J Oncol Pract. 2013 Jul;9(4):188-93. doi: 10.1200/JOP.2012.000680. Epub 2013 Jan 2.

Abstract

Purpose: Previous studies have shown hematologists and medical oncologists may not accept the financial limits set by governing agencies on patient access to oral chemotherapy. The purpose of this study was to capture the methods physicians used to overcome barriers to accessing chemotherapeutic regimens for their patients.

Methods: A total of 640 medical oncologists and hematologists across Canada were surveyed using a 13-item Web-based survey tool. The survey was delivered by e-mail with three follow-up reminders. After a response period of 3 months, results were collated and analyzed with descriptive statistics.

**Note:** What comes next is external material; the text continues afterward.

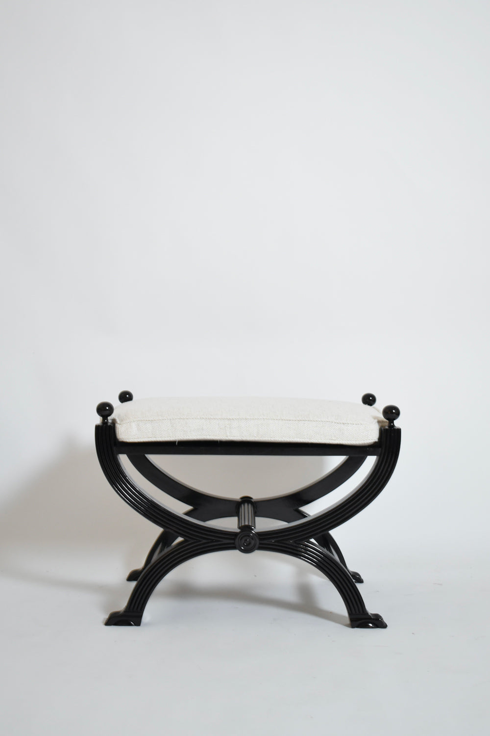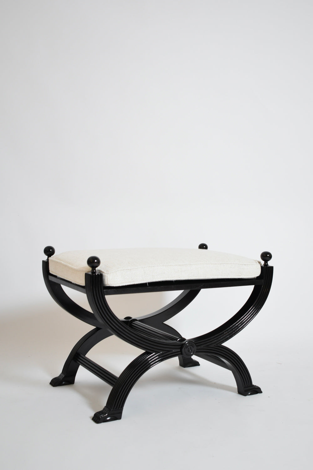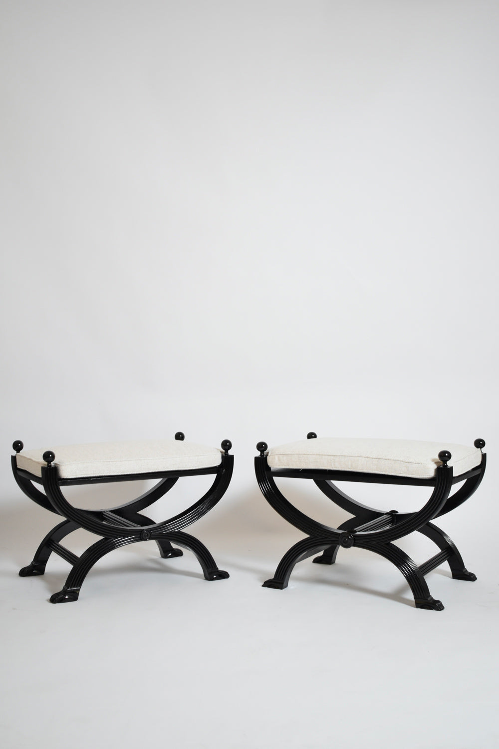 Pair of neocclassical black lacquered curule stools with balls at each corner and lion paws feet, 1960s.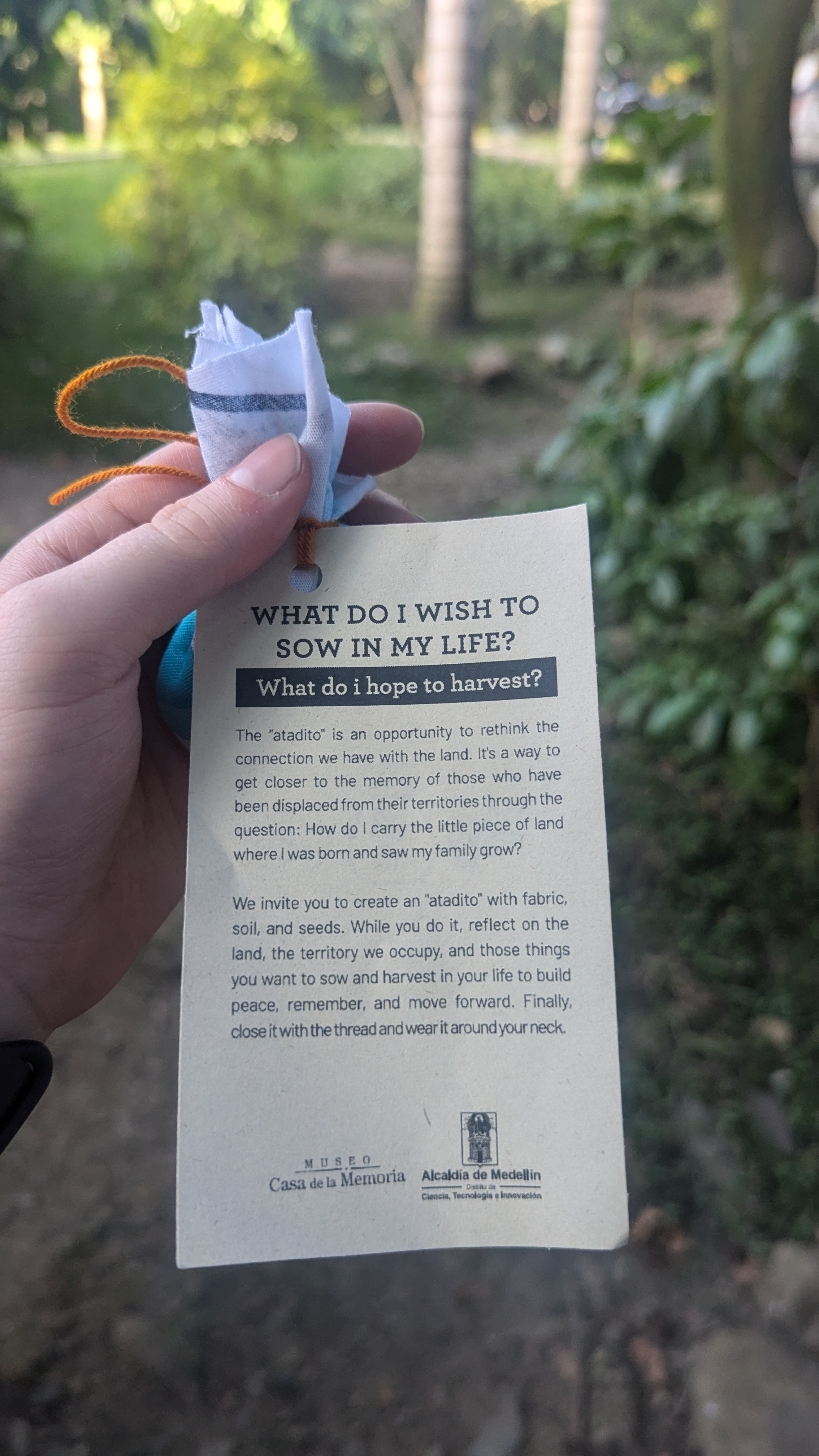 At the museum, we met a woman named Selina, who introduced us to the practice of creating an 'Adiato'. This involves placing soil on a cloth with a seed and a word that reflects something you wish to grow and flourish. I chose 'community'. We then tied the cloth and buried it, allowing a tree to grow and carry our intentions into the earth. This practice resonated deeply with me, encapsulating the spirit of Medellín’s journey of resilience and strength.

Results: Of the 640 invitations, 568 were successfully delivered, and 183 responses were received (response rate, 32.0%). Among respondents, 101 treated solid malignancies (55.2%), 49 treated nonsolid malignancies (26.8%), and 33 treated both (18.0%). To overcome funding barriers, participating oncologists enrolled patients onto clinical trials (90.5%), used compassionate access programs (96.1%), and made special requests to government (91.8%). Other methods included writing false claims on forms to fit funding criteria for drugs (31.1%) and using leftover drug supplies (31.0%). Physicians felt their inability to obtain unfunded medications had a negative impact on their patients' clinical outcomes (56.0%) and psychosocial quality of life (73.0%). Only 28.5% of physicians contacted their governing body with concerns about oral chemotherapy funding.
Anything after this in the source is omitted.